By a MetNews Staff Writer


The California Supreme Court yesterday unanimously upheld the death sentence for a man who killed his estranged wife’s mother and cousin, along with a man she was dating.

In an opinion by Chief Justice Tani Cantil-Sakauye, the court said there was sufficient evidence of Huber Mendoza’s competence to stand trial. The justices also held that Mendoza’s subsequent absence from portions of his trial was harmless even if, as the defendant claimed, he was suffering from mental illness that prevented him from making a competent choice to absent himself from the courtroom.

A Stanislaus Superior Court jury found Mendoza competent to stand trial for the murders of Alicia Martinez, Carlos Lopez, and Carmillo (Camarino) Chavez, and of shooting at an occupied building and assault with a firearm on sister-in-law Guadalupe Martinez, with special circumstances of multiple murder.

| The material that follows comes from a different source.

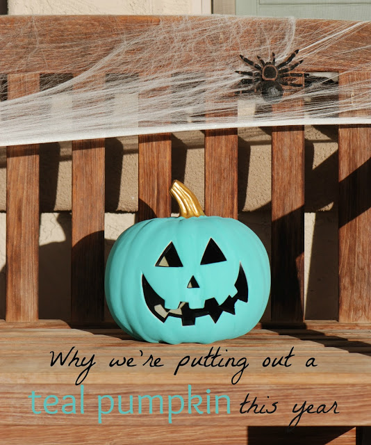 The Teal Pumpkin Project was created by FARE (Food Allergy Research & Education) to help raise awareness of food allergies and promotes have non-food treats so that all kids are involved in the trick or treat festivities.

Guadalupe Martinez survived the shooting and testified at the trial. Cindi Martinez, who subsequently divorced the defendant, testified as well, and ballistics evidence and items seized from the defendant’s van and residence were introduced.

After the competence verdict, a separate jury tried the rest of the case and found Mendoza guilty of all charges. After the guilt phase, the same jury found him to be sane at the time of the offenses.

The witnesses testified that Mendoza came to the house in a bulletproof vest, helmet and camouflage pants and with three semiautomatic firearms. After breaking a window, he entered the house and shot the victims in separate rooms, telling Chavez “you should not have messed around with a married woman.”

 The defense argued on appeal that was no substantial evidence from which the defendant should have been found competent to stand trial. It cited his extreme preoccupation with religion, to which he referred repeatedly in his evaluations by psychiatrists, even when they attempted to persuade him to focus on matters relevant to the competence determination.

The chief justice, however, noted that a prosecution expert, who had conducted over 100 such evaluations, did not find Mendoza’s religious fixation to be particularly unusual. Rather, Dr. Gary Cavanaugh found, such preoccupation was often found in persons facing trial for serious crimes. Cantil-Sakauye went on to reject the argument that Mendoza’s absence from the courtroom was grounds for per se reversal. The fact that he was out of the courtroom during a portion of the testimony, the chief justice said, “does not mean that his absence…necessarily affected the whole framework within the trial proceeded…or that any error defies analysis for prejudice.”

The case is People v. Mendoza, 16 S.O.S. 803.